Microsoft OCR Library for Windows Runtime

This article is also available on the Microsoft TechNet Wiki.

Introduction

Microsoft OCR Library for Windows Runtime has been released as a NuGet package last year. 
It enables developers to easily add text recognition capabilities in your Windows Phone 8/8.1 and Windows 8.1 Store apps.
It was designed with flexibility and performance in mind, as it allows for OCR of high variety of image types and has numerous performance optimizations. 
Another cool feature is that the image processing is done on the client side.
This article demonstrates how to get started with the Microsoft OCR Library and provides an example where it ti used in a windows Store App.

Using the Microsoft OCR Library

Step 1: Install the nuget package

Step 2: Create and instance of OcrEngine.


OcrEngine ocrEngine = new OcrEngine(OcrLanguage.English);
The code above Initializes a new instance of the OcrEngine class and specifies the language to use for optical character recognition (OCR).
OcrLanguage defines the language of text for OCR to detect in the target image.



Step 3: Select which file to use and open a random-access stream oven the file.

var file = await Package.Current.InstalledLocation.GetFileAsync("g.jpg");
   using (var stream = await file.OpenAsync(Windows.Storage.FileAccessMode.Read))
}

Step 4: Create an instance of the image decoded


var decoder = await BitmapDecoder.CreateAsync(stream);

The code above Asynchronously creates a new BitmapDecoder using a specific bitmap codec and initializes it using a stream.

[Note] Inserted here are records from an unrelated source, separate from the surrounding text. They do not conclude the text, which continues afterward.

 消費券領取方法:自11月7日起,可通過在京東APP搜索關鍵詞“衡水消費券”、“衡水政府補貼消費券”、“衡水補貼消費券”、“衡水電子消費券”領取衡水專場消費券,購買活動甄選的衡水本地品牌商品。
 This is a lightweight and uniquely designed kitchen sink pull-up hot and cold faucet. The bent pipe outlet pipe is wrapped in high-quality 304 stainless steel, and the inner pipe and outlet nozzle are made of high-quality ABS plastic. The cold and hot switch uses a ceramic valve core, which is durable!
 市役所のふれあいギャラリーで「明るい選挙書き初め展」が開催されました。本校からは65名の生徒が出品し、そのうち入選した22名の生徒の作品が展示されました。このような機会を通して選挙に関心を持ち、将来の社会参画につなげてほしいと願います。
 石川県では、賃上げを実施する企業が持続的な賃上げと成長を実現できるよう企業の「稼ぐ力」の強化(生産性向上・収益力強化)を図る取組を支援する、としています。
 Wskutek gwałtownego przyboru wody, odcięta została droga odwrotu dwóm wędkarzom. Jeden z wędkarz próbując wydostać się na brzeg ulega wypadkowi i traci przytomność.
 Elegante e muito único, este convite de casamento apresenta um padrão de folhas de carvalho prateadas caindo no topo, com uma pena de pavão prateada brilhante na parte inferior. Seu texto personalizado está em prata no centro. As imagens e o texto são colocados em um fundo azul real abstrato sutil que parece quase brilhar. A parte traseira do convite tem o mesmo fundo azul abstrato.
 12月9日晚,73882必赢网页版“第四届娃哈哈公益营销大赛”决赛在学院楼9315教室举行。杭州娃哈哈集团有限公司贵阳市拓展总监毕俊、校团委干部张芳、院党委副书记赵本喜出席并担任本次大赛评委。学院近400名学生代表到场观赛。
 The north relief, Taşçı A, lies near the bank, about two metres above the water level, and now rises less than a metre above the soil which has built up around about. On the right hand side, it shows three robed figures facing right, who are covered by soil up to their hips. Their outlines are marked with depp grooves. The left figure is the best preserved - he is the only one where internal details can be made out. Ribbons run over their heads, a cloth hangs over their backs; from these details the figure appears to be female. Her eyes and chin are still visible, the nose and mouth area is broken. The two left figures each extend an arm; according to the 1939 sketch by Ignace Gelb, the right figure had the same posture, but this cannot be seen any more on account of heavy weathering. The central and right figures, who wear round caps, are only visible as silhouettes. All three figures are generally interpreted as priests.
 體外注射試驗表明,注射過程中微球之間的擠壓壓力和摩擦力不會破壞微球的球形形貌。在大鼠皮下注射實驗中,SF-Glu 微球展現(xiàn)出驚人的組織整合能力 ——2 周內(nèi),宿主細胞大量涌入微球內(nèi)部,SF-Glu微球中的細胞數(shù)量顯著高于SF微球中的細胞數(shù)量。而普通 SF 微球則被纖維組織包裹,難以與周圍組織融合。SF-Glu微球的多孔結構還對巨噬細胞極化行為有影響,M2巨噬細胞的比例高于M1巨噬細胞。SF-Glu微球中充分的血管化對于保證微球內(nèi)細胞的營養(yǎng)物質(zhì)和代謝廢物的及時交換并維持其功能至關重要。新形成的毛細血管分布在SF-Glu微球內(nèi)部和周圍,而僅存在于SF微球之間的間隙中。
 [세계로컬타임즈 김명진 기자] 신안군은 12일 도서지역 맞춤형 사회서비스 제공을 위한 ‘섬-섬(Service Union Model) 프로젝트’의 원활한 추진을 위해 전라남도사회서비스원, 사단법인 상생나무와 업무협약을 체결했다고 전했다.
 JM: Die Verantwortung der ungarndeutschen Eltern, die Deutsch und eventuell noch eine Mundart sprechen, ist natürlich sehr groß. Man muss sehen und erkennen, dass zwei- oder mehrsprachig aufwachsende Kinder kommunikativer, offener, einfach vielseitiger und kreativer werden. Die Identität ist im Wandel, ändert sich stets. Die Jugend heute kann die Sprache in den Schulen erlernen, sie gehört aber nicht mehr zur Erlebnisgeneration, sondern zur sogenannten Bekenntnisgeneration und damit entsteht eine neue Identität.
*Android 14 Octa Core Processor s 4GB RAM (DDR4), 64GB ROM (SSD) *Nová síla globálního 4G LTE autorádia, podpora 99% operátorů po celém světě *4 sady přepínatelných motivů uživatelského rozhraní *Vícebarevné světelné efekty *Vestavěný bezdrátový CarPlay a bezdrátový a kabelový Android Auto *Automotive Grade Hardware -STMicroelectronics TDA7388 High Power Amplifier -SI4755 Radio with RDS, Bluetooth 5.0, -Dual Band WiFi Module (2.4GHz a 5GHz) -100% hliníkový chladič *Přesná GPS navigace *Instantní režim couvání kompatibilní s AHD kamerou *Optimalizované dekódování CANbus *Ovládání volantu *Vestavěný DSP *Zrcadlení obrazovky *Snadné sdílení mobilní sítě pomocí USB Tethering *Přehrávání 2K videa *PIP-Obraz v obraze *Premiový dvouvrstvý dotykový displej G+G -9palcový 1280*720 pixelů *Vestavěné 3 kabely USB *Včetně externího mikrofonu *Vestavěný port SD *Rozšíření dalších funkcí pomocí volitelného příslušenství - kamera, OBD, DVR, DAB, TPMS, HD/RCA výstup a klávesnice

Step 5: Get the image width and height.


width = decoder.PixelWidth;
height = decoder.PixelHeight;

Step 6: Read the pixels data from the image.
var pixels = await decoder.GetPixelDataAsync(
  BitmapPixelFormat.Bgra8,
  BitmapAlphaMode.Straight,
  new BitmapTransform(),
  ExifOrientationMode.RespectExifOrientation,
  ColorManagementMode.ColorManageToSRgb
);

The method decoder.GetPixelDataAsync takes the following parameters:
a. BitmapPixelFormat: Specifies the pixel format of pixel data. Each enumeration value defines a channel ordering, bit depth, and data type.
b. BitmapAlphaMode: Specifies the alpha mode of pixel data.
c. BitmapTransform: Contains transformations that can be applied to pixel data.
d. ExifOrientationMode: Specifies the EXIF orientation flag behavior when obtaining pixel data.
e. ColorManagementMode: Specifies the color management behavior when obtaining pixel data.

Step 7: Extract text from image


OcrResult result = await ocrEngine.RecognizeAsync(height, width, pixels.DetachPixelData());

The method RecognizeAsync Scans the specified image for text in the language specified by the Language property.

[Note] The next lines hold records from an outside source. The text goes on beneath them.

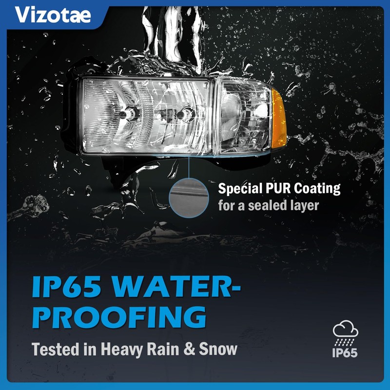 Vizotae Headlights Assembly for 1999-2001 Dodge Ram 1500 with Corner Parking Turn Signal Marker Lights, High/Low Beam W/Bulbs, Driver & Passenger Side
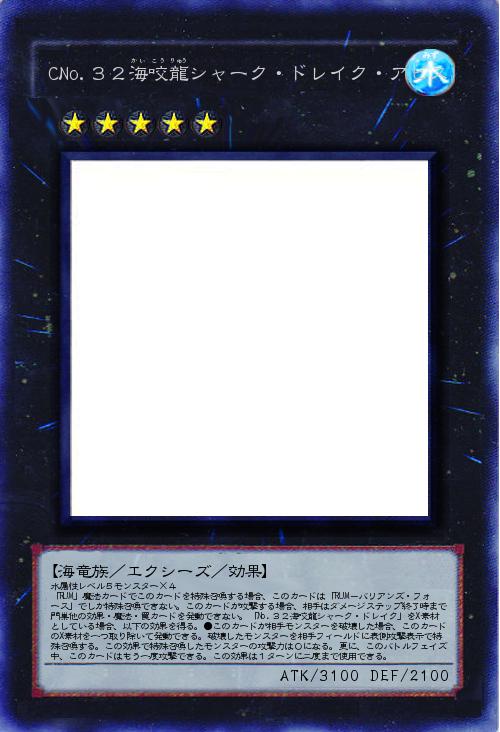 | 水属性レベル5モンスター×4 「RUM」魔法カードでこのカードを特殊召喚する場合、このカードは「RUM-バリアンズ・フォース」でしか特殊召喚できない。このカードが攻撃する場合、相手はダメージステップ終了時まで門巣他の効果・魔法・罠カードを発動できない。「No.32海咬龍シャーク・ドレイク」をX素材としている場合、以下の効果を得る。●このカードが相手モンスターを破壊した場合、このカードのX素材を一つ取り除いて発動できる。破壊したモンスターを相手フィールドに表側攻撃表示で特殊召喚する。この効果で特殊召喚したモンスターの攻撃力は0になる。更に、このバトルフェイズ中、このカードはもう一度攻撃できる。この効果は1ターンに二度まで使用できる。 | |||
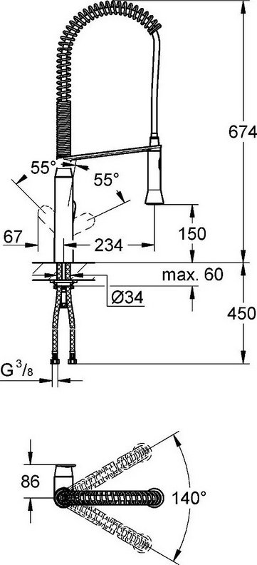 Подводка воды:гибкая 450 мм с накидной гайкой 3/8 дюйма
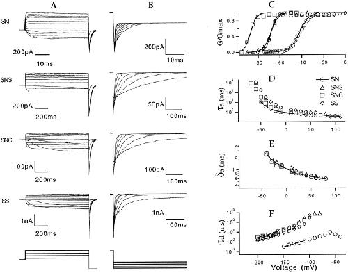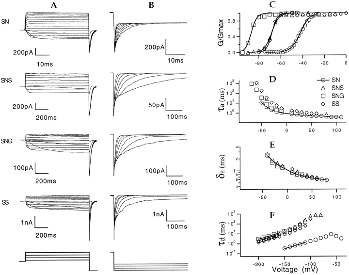 Figure 2. Macroscopic currents from cell-attached patch recordings of the various channel types. (A) Activation currents were induced by depolarizing pulses from a −100-mV holding potential to potentials of: −50 to 100 mV (SN); −80 to 100 mV (SNS); −80 to 30 mV (SNG); and −80 to 60 mV (SS); all in steps of 10 mV except 20 mV for SNS. The post pulse was −140 mV. (B) Tail currents were recorded at voltages of −70 to −150 mV (SN) and −110 to −170 mV (SNS, SNG, and SS) after prepulses to 40 mV (SN) or 0 mV (SNS, SNG, and SS). Potassium ion concentration was 140 mM on each side of the patch. Currents were filtered at 1 kHz. Note the different time scale for SN currents. (C) Representative G-V curves for each channel type, calculated from the macroscopic currents assuming a linear I -V relationship. Superimposed on each curve is a fit of a Boltzmann function. The midpoint voltage V1/2 and effective charge q for each channel type were −41.7 ± 2.7 mV, 5.1 ± 1.1 e0 (SN, n = 3); −66.3 ± 3.4 mV, 7.5 ± 1.2 e0 (SNS, n = 6); −87.9 ± 1.9 mV, 9.2 ± 0.8 e0 (SNG, n = 3); −66.8 ± 2.8 mV, 10.7 ± 1.6 e0 (SS, n = 4). (D) Voltage dependence of the activation time constant τa, estimated by fits of an exponential function to the activation time course, starting from the time when the amplitude is 50% of the final value. (E) Voltage dependence of the activation delay time δa obtained in the same fits as the time at which the extrapolated exponential crosses the current baseline. (F) Voltage dependence of deactivation time constants τd estimated by single-exponential fits. The apparent charge q was 0.80 e0 (SN), 0.96 e0 (SNS), 0.84 e0 (SNG), and 0.83 e0 (SS), as estimated by fitting the last five data points (lines) with the exponential function τ(V) = τ(0)exp(qV/kT).
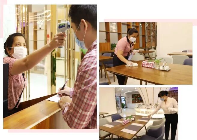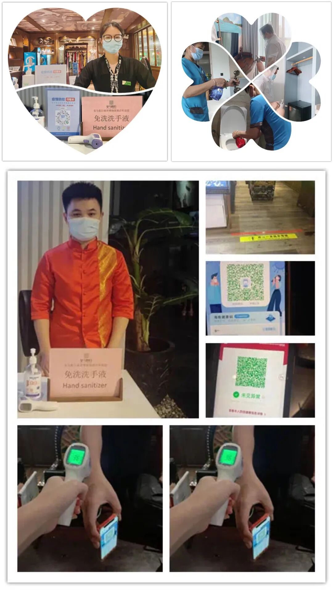 酒店对于所有入住客人,第一时间登记体温进行行程码+健康绿码查验,在大堂入口、餐饮用餐区均设体温检测环节,每日进行员工和客人体温检测并登记准确数据。

This method reeturns an object of type OcrResult which contains a collection of OcrLine objects, which you access through the Lines property of the OcrResult.

Step 8: Loop through the lines and retrieve the text.


string recognizedText = "";
// Check whether text is detected.
if (result.Lines != null)
{
   // Collect recognized text.
   foreach (var line in result.Lines)
   {
      foreach (var word in line.Words) 
      {
            recognizedText += word.Text + " ";
      }
      recognizedText += Environment.NewLine;
    }
}
Each OcrLine object contains a collection of OcrWord objects, which can be accessed through the Words property of each OcrLine.
Each OcrWord object specifies the text, size, and position information of the word in the image.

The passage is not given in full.